E, se as encomendas continuam a avançar a bom ritmo nestes vários setores, os constrangimentos à atividade estão a afetar a capacidade de resposta e de produção, havendo já empresas que admitem recorrer ao ‘lay-off’: “Há empresas que já estão a pensar fazer ‘lay-off’ e em medidas similares, por não terem matéria-prima. Já chegámos a esse ponto”, avisa o vice-presidente da AIMMAP.
Após ter obtido no passado mês de abril o melhor registro “de sempre” nas exportações, que acumulam um crescimento homólogo de 31,7% desde o início do ano, o setor metalúrgico português tem vindo a anunciar que 2021 poderá ser o seu “melhor ano de sempre”, mas já começa a ver essa meta ameaçada.
“Está em risco esse objetivo, não por falta de encomendas, que continuam a crescer, mas por falta de matéria-prima e por estarem tão caras, com duplicações de preço que é impossível repercutir no preço final. Além de que, em muitos casos, as empresas nem as têm ou têm-nas com menos qualidade, o que implica muito mais operações e aumento de custos”, refere Rafael Campos Pereira.

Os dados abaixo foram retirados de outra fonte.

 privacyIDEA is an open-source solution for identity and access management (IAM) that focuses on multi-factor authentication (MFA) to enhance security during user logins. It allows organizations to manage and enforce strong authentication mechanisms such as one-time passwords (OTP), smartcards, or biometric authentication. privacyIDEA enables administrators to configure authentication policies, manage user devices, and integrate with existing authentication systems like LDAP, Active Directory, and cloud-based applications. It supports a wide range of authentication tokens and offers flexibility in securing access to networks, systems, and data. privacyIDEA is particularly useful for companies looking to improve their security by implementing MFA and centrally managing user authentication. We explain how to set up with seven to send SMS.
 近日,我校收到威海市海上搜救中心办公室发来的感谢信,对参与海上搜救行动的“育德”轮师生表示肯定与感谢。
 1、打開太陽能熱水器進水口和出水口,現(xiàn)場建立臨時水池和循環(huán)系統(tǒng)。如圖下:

Este dirigente associativo recorda que, após a pandemia ter evidenciado a dependência europeia face à Ásia, muito se falou na imperiosa aposta na reindustrialização e reforço da autonomia estratégica da região, sendo mesmo este um dos eixos dos Plano de Recuperação e Resiliência (PRR) português e do plano europeu Next Generation EU.
“Para esse efeito seria necessário investir aqui na Europa na produção de mais matérias-primas e de componentes intermédios, como os microprocessadores, o que não foi feito até ao momento. A Europa, como sempre, está a fazer isto pela metade”, lamenta.

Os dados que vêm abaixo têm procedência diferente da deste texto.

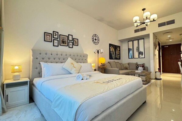 The main area features a luxurious king-size bed with high-quality linens, ensuring a restful night’s sleep. For additional guests, a comfortable sofa is available, along with a large Smart TV for entertainment. A dining area for two is perfect for enjoying your meals or a quiet drink.
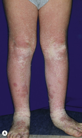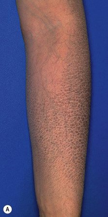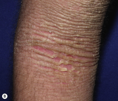 Ichthyosis vulgaris. (A) Scales are most prominent on the extensor surfaces of the extremities, especially the lower extremities. (B) The palms and soles are thickened with increased palmar markings.
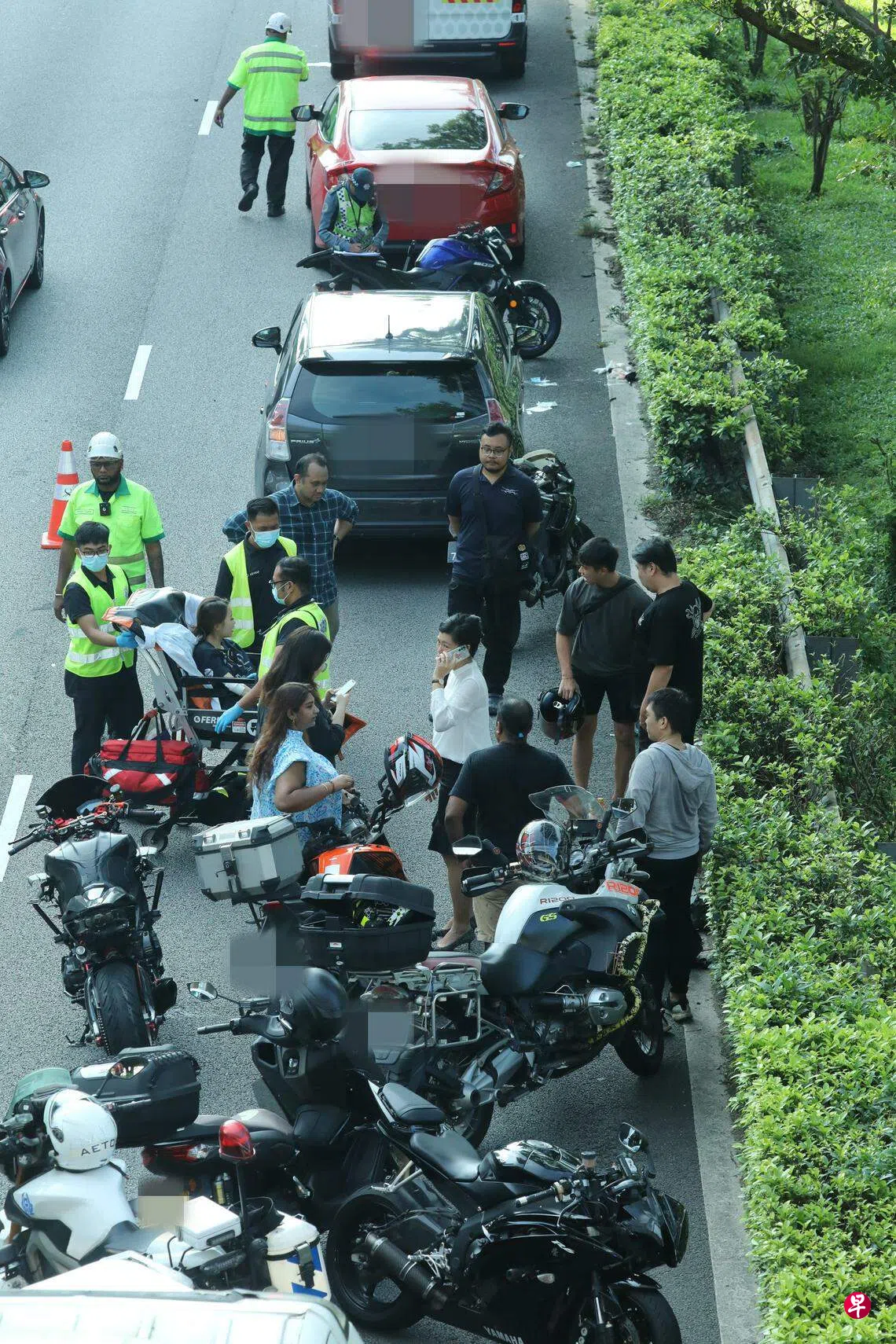 据了解,车祸发生后,现场一度排起近百米长车龙,整个交通拥堵情况持续近一小时才缓解。警方和民防人员也到场,当局出动至少两辆救护车。
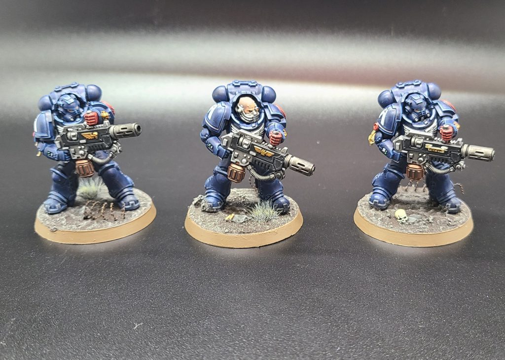 Before and after the Inceptors I painted up the first two units of the Hounds, a Phobos Lieutenant and a squad of Assault Intercessors. I tried to do a sort of ash-smeared look on the Lt’s face to imitate Northern European tribal practices, and clearly did not succeed. C’est La Vie. Or rather, as the Hounds would say: So ist das Leben. I’m also wrestling with the idea of black accents and such being indicative of 1st company/veteran status but I’m not yet sure how I feel about it. They’re waiting on decals and weathering since I need to custom chapter icon from a 3rd party, and I don’t like starting a hobby step and not being able to finish it so there you go.

Também Jorge Pereira, da ATP, “ainda quis crer que a pandemia fosse servir de lição para os governantes, até a nível comunitário, e se acabasse por perceber que, com todos estes anos a desindustrializar a Europa, se está a deixar morrer a indústria”.
“Mas reindustrializar um país ou uma Europa leva 20 ou mais anos. E fala-se, mas não se vê nada nesse sentido, é tudo muito vago e projetos duvidosos. Se continuarmos com esta mentalidade, vamos estar sempre na mão da Ásia e não temos hipótese nenhuma”, avisa.
Neste difícil contexto para o setor metalúrgico e europeu, a AIMMAP lamenta o golpe adicional dado pela recente prorrogação pela União Europeia (e por mais três anos) das cláusulas de salvaguarda que impõem a fixação de direitos aduaneiros na compra de matérias-primas fora da União, para proteger os fabricantes europeus, nomeadamente de aço.
“Estas cláusulas de salvaguarda terminavam no dia 30 de junho e era suposto e premente, em defesa da indústria metalúrgica e metalomecânica europeia, que não fossem prorrogadas. Portugal tinha a obrigação, até enquanto país que estava a ocupar a presidência europeia, de tentar que não o fossem”, sustenta Rafael Campos Pereira.
Afirmando “não conseguir perceber” a decisão de prorrogação e, “ainda menos, porque é que Portugal votou favoravelmente” essa medida, a associação lamenta que, por esta via, se esteja a dificultar e encarecer ainda mais a compra de aço pelas empresas do setor.